Would this produce enough heat from a 30cm distance? 
https://www.bunnings.com.au/philips-60w-clear-r63-spot-reflector-es-globe-2-pack_p4340913

Or would this suit better
https://www.bunnings.com.au/philips-60w-es-r80-clear-floodlight-reflector-globe_p4324296

I'm a bit confused as to how I figure out if they release enough heat for my beardie.
[doublepost=1555281994,1555280363][/doublepost]Update: I just found a spare brand-new 72watt reflector halogen by Mirabella. 
I mention on the side of the box that it produces lots of heat - would this work and save the hassle of going to bunnings??


----------



## Bl69aze (Apr 15, 2019)

Ella C said:


> Would this produce enough heat from a 30cm distance?
> https://www.bunnings.com.au/philips-60w-clear-r63-spot-reflector-es-globe-2-pack_p4340913
> 
> Or would this suit better
> ...



only way to know is by testing. my 75W CHE about 20-30cm from basking spot easily reaches 32 and beyond in hotter days, sits nicely at 30 in colder days without a thermostat


----------



## Ella C (Apr 15, 2019)

Bl69aze said:


> only way to know is by testing. my 75W CHE about 20-30cm from basking spot easily reaches 32 and beyond in hotter days, sits nicely at 30 in colder days without a thermostat


Ok, I've put it into the cage, I can definitely feel the heat coming off it, However, I'm not sure it will be enough to get 35+ celsius. I'll just wait and see.
[doublepost=1555285042,1555283310][/doublepost]Damn. It's not hot enough, I need it to be 35-45 Celsius, but it's only 32. Guess I'll go to bunnings...


----------



## Sdaji (Apr 15, 2019)

Ella C said:


> Ok, I've put it into the cage, I can definitely feel the heat coming off it, However, I'm not sure it will be enough to get 35+ celsius. I'll just wait and see.
> [doublepost=1555285042,1555283310][/doublepost]Damn. It's not hot enough, I need it to be 35-45 Celsius, but it's only 32. Guess I'll go to bunnings...

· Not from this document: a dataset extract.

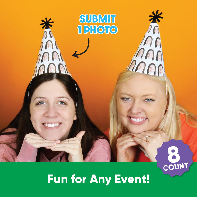 Personalize your party with Custom Fun Face Cone Party Hats! Whether it’s a first birthday, milestone celebration, or bachelorette bash, these hilarious hats feature your favorite face with a black starburst design for a unique and playful touch. Each set includes 8 professionally printed hats made from sturdy cardstock, designed to fit adults and children alike. Perfect for group photos, fun party decor, or as an unforgettable party favor, these hats are proudly Made in the USA.

Try putting a piece of wood or a rock or something positioned under the lamp so the lizard can sit right close up to the light.

This also lets them carry out a natural behaviour. If you see wild bearded dragons trying to heat up they'll often be sitting up on a piece of wood (or up on a fence post etc).


----------



## Ella C (Apr 15, 2019)

Sdaji said:


> Try putting a piece of wood or a rock or something positioned under the lamp so the lizard can sit right close up to the light.
> 
> This also lets them carry out natural behaviour. If you see wild bearded dragons trying to heat up they'll often be sitting upon a piece of wood (or up on a fence post etc).


Hello! I tried this, but it still was too cold. I situated a goldvine branch to be within 25cm of the heat, but it still was only around 34 celsius, right under the lamp. I got a 100w same design, and it's STILL too cold. Max 36 right under the heat lamp, with *under* 30 celsius around the rest of the hot end.


----------



## Sdaji (Apr 15, 2019)

Ella C said:


> Hello! I tried this, but it still was too cold. I situated a goldvine branch to be within 25cm of the heat, but it still was only around 34 celsius, right under the lamp. I got a 100w same design, and it's STILL too cold. Max 36 right under the heat lamp, with *under* 30 celsius around the rest of the hot end.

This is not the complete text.